Admissible Evidence Necessary When Amount in Controversy Called into Question

Posted in Case Summaries

Truglio v. Planet Fitness, Inc., No. 15-CV-7959-FLW-LHG, 2017 WL 3595475 (D.N.J. Aug. 21, 2017).

In Truglio v. Planet Fitness, Inc., a federal district court in New Jersey determined that the defendants had carried their burden of proving the jurisdictional amount in controversy under the Class Action Fairness Act (“CAFA”) by a preponderance of the evidence.

The plaintiff, a member of a gym operated by the two defendants, brought a putative class action in New Jersey state court, alleging that the defendants’ gym-membership agreements violated various New Jersey statutes. The plaintiff identified as a putative class member every individual who enrolled as a member in one of the defendants’ New Jersey gyms between September 28, 2009, and September 28, 2015; her complaint sought $600 in statutory damages per plaintiff.

The defendants removed the case, asserting that the parties met CAFA’s minimal diversity requirement because the plaintiff was a citizen of New Jersey while one of the defendant gyms was incorporated in Delaware and had its principal place of business in New Hampshire. As for the amount in controversy, the defendants reasoned that 8,334 class members claiming $600 in damages would clear the $5,000,000 jurisdictional amount, and alleged that the putative class far exceeded the 8,334-member threshold. The defendants then filed a motion to dismiss, which the district court granted in large part, leaving just one claim under a statute that provided for only $100 in damages. The court then ordered, sua sponte, that the defendants show cause why the dismissal did not destroy subject-matter jurisdiction under CAFA.

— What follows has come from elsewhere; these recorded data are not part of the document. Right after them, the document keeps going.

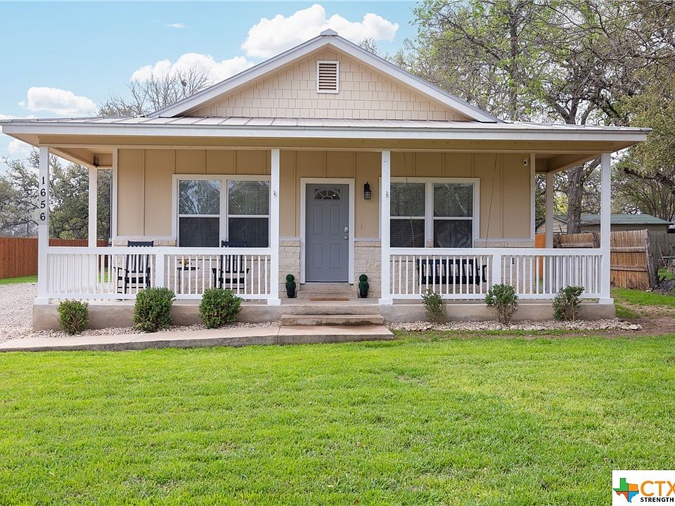 Enjoy easy living in this quiet hill country neighborhood, only minutes from Canyon Lake. This single story, craftsman style home has been designed with low maintenance in mind starting with the metal roof. There is no carpet in the house; all of the flooring is wood laminate with tile in the wet areas. An eat-in kitchen is open to the family room and features long granite counter tops, crisp white cabinets, glass tile backsplash, stainless appliances, a large pantry and a convenient breakfast bar. A generous walk in closet, tall windows, granite countertops and a walk in shower with large, rectangular tiles are smart choices for the owner’s retreat. There are two other bedrooms that share a full bath; also with granite countertops. There’s plenty to do outside on this oversized, .3 acre lot. Enjoy swapping stories around the fire pit, gardening, playing yard games or simply relaxing on your front porch swing. For RV enthusiasts and guests, there is an RV hookup already in place. In addition to being minutes from the lake and boat ramp number 23, this home is nestled in between several popular cities. San Antonio, Austin, New Braunfels, Boerne, Wimberley, San Marcos and Blanco are all within an hour’s drive. As a bonus, Short Term Rentals are allowed. Don’t miss this sweet opportunity to live in Canyon Lake, enjoy the property as a vacation getaway or use it for rental income.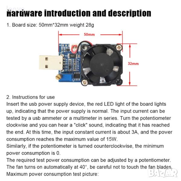 - непрекъсната мощност на разтоварване: 15W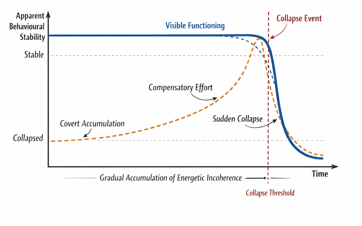 This diagram shows how systems can remain behaviourally coherent while becoming structurally fragile. Once compensatory capacity is exceeded, reorganisation occurs rapidly, giving the appearance of sudden breakdown despite gradual energetic deterioration.

The defendants came up short in their first attempt to prove jurisdiction. One defendant gym submitted an unsworn certification, in which the other defendant gym joined, claiming that the amount in controversy was met because its total membership exceeded 50,000 individuals, each of whom could be a class member with a claim for $100. But the court rejected the sufficiency of this certification under Dart Cherokee Basin Operating Co. v. Owens, 135 S. Ct. 547, 554 (2014), finding that the defendants failed to prove jurisdiction by a preponderance of the evidence. (Editor’s Note: see the CAFA Law Blog analysis of the Dart Cherokee decision posted on April 9, 2015.) Specifically, the court pointed out that the certification failed to refer to the challenged provisions of the membership agreement, made no reference to the six-year putative class period, and was prepared by defense counsel on the basis of hearsay evidence rather than by someone with firsthand knowledge of the facts. It reasoned that, until the sua sponte inquiry into jurisdiction, the defendants’ “plausible allegation[s]” established the amount in controversy. But because those allegations had been called into question, Dart Cherokee required proof of jurisdiction by a preponderance of the evidence. The court then ordered the defendants to submit sufficient proof within seven days.

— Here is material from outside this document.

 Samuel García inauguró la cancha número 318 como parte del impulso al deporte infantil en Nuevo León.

This time, the defendants produced two declarations, each from a managing executive at their respective organization, and each based on that executive’s review of their organization’s business records. The first declaration asserted that one gym had 71,569 former or current members who enrolled in the putative class period and whose membership agreements mirrored the named plaintiff’s; the second declaration counted 61,749 qualifying members at the other gym. The court found that these declarations established by a preponderance of the evidence that the defendants’ combined membership totaled 133,318. Accordingly, based on a $100 claim by each member, the court found that the defendants had proven the amount in controversy.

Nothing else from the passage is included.